What the UNHCR is doing… • An education strategy released by UNHCR in February 2012 recognized the “huge unmet demand for higher education among refugees” and made improving access as one of its goals over the next five years. • Currently there are 2,000 scholarships a year available to refugees through the German-government-funded DAFI program, a key element of the strategy is to make use of Internet technologies and partnerships with academic institutions to reach much larger numbers of refugees through distance learning. This number is aimed to double by 2017.

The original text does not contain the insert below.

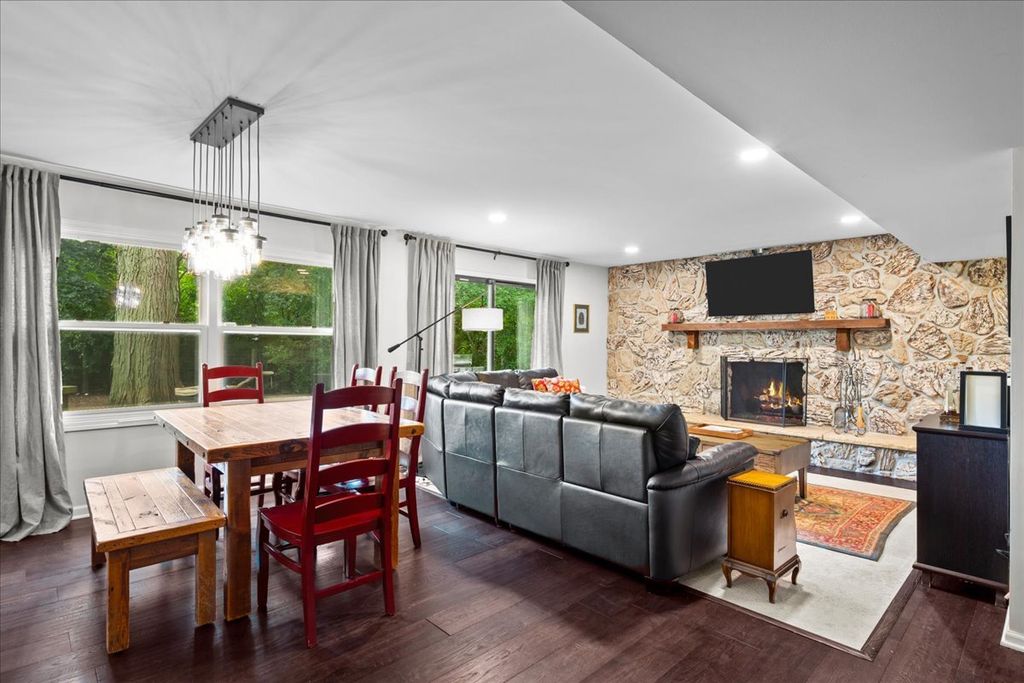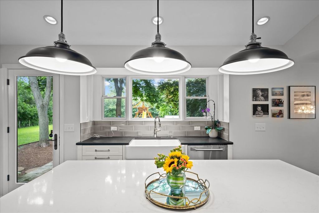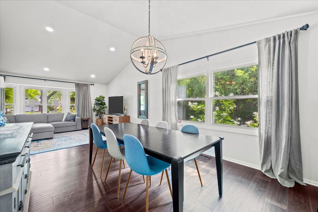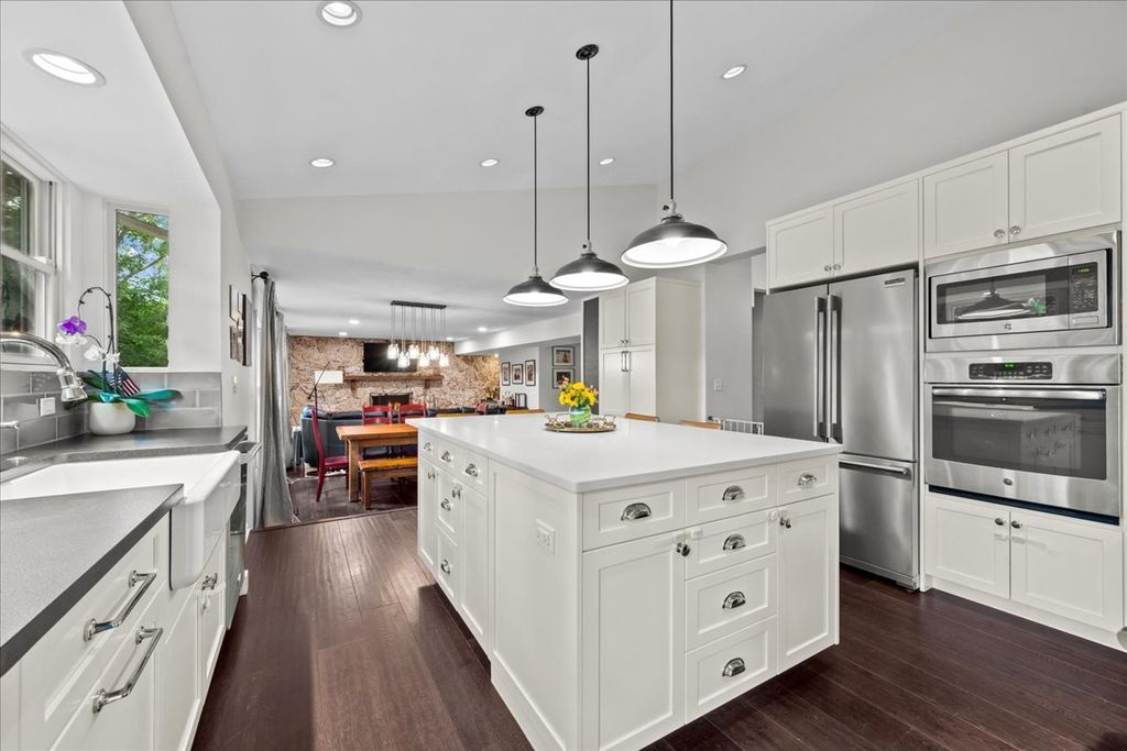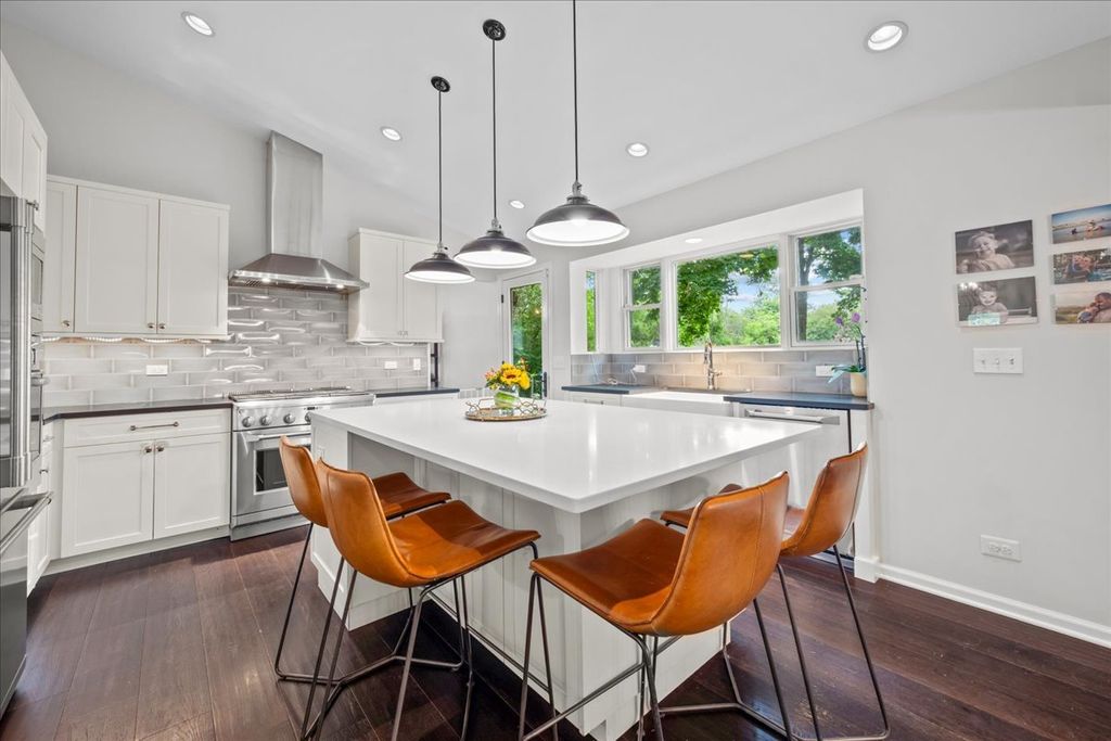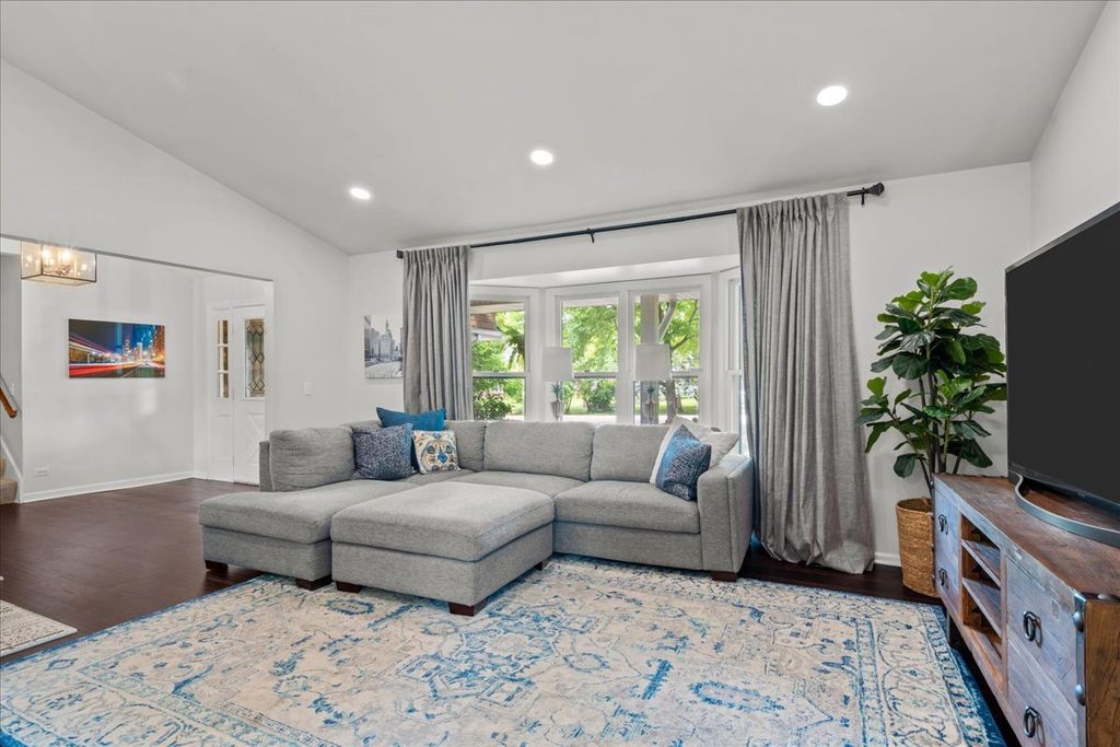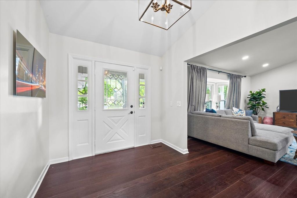 Beautifully situated on an idyllic one-acre lot, this stunning home was fully renovated in 2015 and offers a fabulous open floor plan with wide-plank hardwood floors and designer lighting throughout. The living room, featuring a charming bay window, flows effortlessly into the vaulted-ceiling dining room. The gourmet kitchen boasts a quartz island and an adjoining breakfast area, perfect for everyday living and entertaining. A cozy family room with a gas-start fireplace and wet bar invites relaxation, while the convenient mudroom connects directly to the attached two-car garage. Upstairs, you'll find four spacious bedrooms and two tastefully updated bathrooms, including a luxurious primary suite with a private bath. The lower level offers generous recreation space, ample storage, and a newly finished home office. Outside, the expansive, fully fenced yard provides the ideal setting for play, gardening, or outdoor gatherings. Enjoy the peace and privacy of a country setting while being just steps from Lake Bluff Elementary School and the Park District featuring community pool, golf course, tennis courts, and more!

Texas ICT vs. Refugee Online Learning Initiatives • Given the fact that Texas is much advanced in online and distance education with well thought-out plans for growth and development, comparing it to the online learning initiatives taken for the refugees would be a foolish thing to do. The use of ICTs in Texas in both school system and in tertiary education is well established and far more concrete.
Conclusion • All in all, online learning for refugees is a rather new and emerging concept and is readily being recognized. Online learning opportunities for refugees is a huge unmet demand, which is only recently being recognized. One good news is that since the recognition has taken place initiatives are being taken to meet those demands.